Frontiers from Radiomics in Molecular Imaging
1Institute of Molecular Bioimaging and Physiology, Milan, Italy
2San Raffaele Scientific Institute, Milan, Italy
Frontiers from Radiomics in Molecular Imaging
Description
The area of cancer research is nowadays rapidly evolving with basic research deepening on the understanding of molecular mechanisms underlying carcinogenesis and cancer cells spreading. Evidences showed that human cancers frequently display intratumor phenotypic heterogeneity whose nature can have profound implications for both tumor development and therapeutic outcomes.
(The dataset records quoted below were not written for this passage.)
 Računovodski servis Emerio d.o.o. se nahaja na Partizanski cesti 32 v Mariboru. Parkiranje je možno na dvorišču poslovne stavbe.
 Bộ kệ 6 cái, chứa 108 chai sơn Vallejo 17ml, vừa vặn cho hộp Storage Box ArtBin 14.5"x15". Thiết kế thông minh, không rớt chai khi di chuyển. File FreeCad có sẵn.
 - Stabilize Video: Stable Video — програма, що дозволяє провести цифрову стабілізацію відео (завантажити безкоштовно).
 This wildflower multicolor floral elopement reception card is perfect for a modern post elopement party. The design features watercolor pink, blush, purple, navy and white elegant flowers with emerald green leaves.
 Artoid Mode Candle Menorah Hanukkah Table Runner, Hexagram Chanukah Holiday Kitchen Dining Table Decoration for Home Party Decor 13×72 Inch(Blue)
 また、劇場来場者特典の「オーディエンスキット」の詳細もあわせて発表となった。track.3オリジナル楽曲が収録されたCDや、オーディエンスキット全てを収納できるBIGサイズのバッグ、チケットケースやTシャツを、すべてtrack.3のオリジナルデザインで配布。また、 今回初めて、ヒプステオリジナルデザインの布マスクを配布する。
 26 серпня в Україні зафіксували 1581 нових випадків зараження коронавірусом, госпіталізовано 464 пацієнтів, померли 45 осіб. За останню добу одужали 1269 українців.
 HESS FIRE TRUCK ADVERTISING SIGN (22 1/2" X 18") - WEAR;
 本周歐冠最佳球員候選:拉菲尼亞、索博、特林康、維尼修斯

Genotypic and phenotypic profiles have shown increasing diagnostic and prognostic accuracy of ex vivo biopsy studies in several cancer diseases.
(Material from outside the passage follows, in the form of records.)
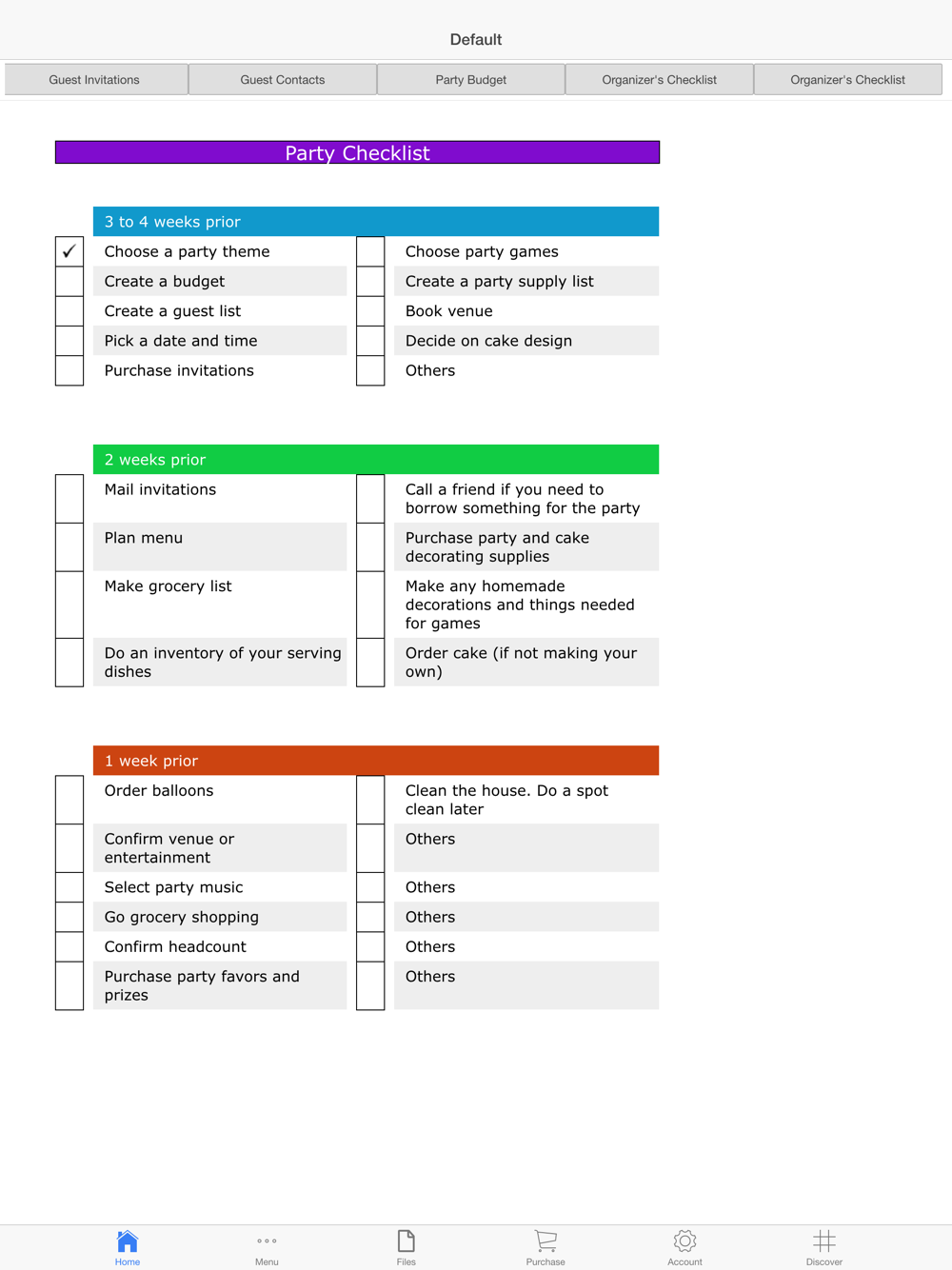 Do you face such difficulties? If yes, try Party Plan. Its a simple app focused on providing you a step by step procedure to organize parties in a quick and easy to use checklist format. In addition, it helps you track your guest contacts and invitations, party activities, and most importantly party budget giving you the difference between actual and estimated costs.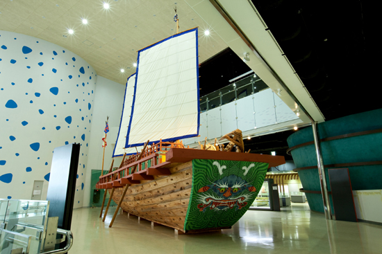 항해선박영역에는 우리나라 한선의 변천과정과 국내 최대크기로 복원(실물의 1/2크기)하는 ‘조선통신사선’이 전시된다. 조선통신사선은 조선시대에 우리나라에서 일본으로 보낸 외교사절단이 타고 갔던 선박(상단 사진)으로, 순수 국산 소나무를 사용하여 전통 조선기법으로 엄격히 복원했다.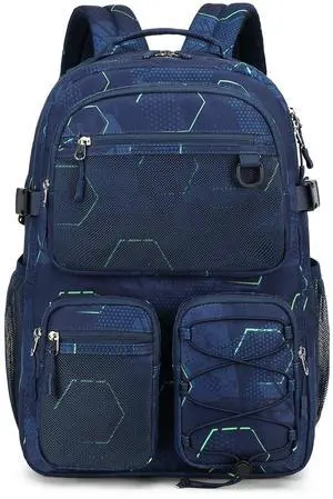 Lohol Multi-Pocket Backpack for Travel College, Heavy Duty Big Bookbag with 15.6 inch Laptop Compartment (Navy Geometry
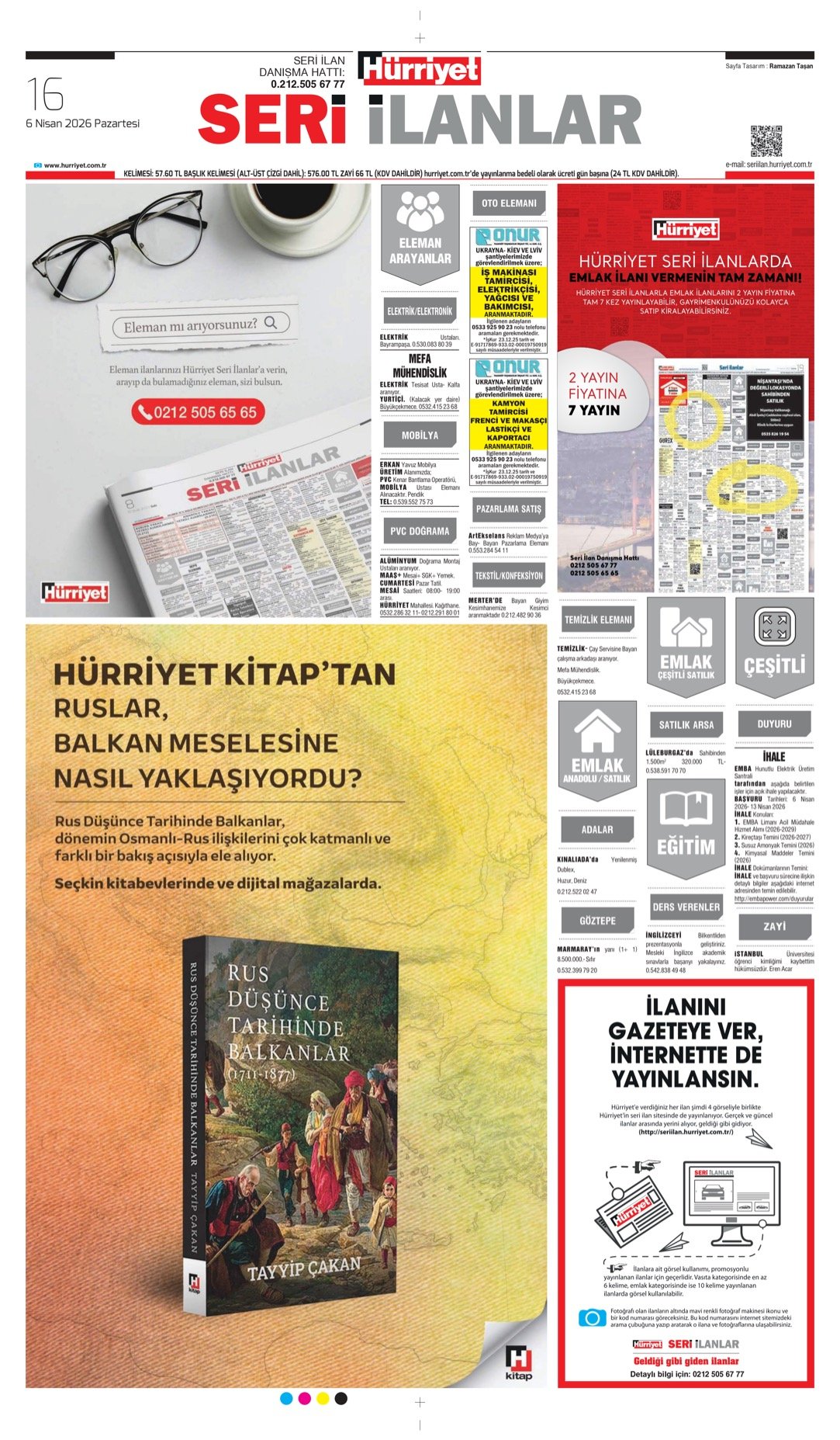 6 Nisan 2026 Hürriyet Gazetesi vefat, başsağlığı ve anma ilanları, seri ilanlar.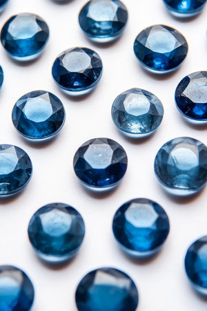 Sparkling Blue Sapphire Gemstones Arranged on a White Background, Luxury Concept, Macro Viewpoint

Recently, in vivo molecular imaging, such as Computerized Tomography (CT), Magnetic Resonance (MR), functional diffusion-weighted imaging (DWI) MR, and Positron Emission Tomography (PET) are showing intriguing results in characterizing lesions, predicting prognosis and therapy response in many cancer diseases, in particular when quantitative indexes of tumor are used, such as tumor functional volume, apparent diffusion coefficient, standardized uptake value, or other derived indexes. However, limited and contradictory results have been reported and many authors argued that such macroscopic features are not able to properly reflect the intratumor heterogeneity responsible for the different progression or therapy response. Radiomics refers to mathematical methods used to extract a high number of descriptors from in vivo medical images of cancer. The basis hypothesis is that such descriptors are able to capture the heterogeneity of cell underlying the cancer genotype and phenotype.
We invite authors to contribute original research articles as well as review articles that will illustrate and stimulate the increasing effort to understand the heterogeneity of cancer phenotype and to exploit the use of radiomics in targeted molecular imaging studies for the identification of diagnostic/predictive biomarkers of cancer.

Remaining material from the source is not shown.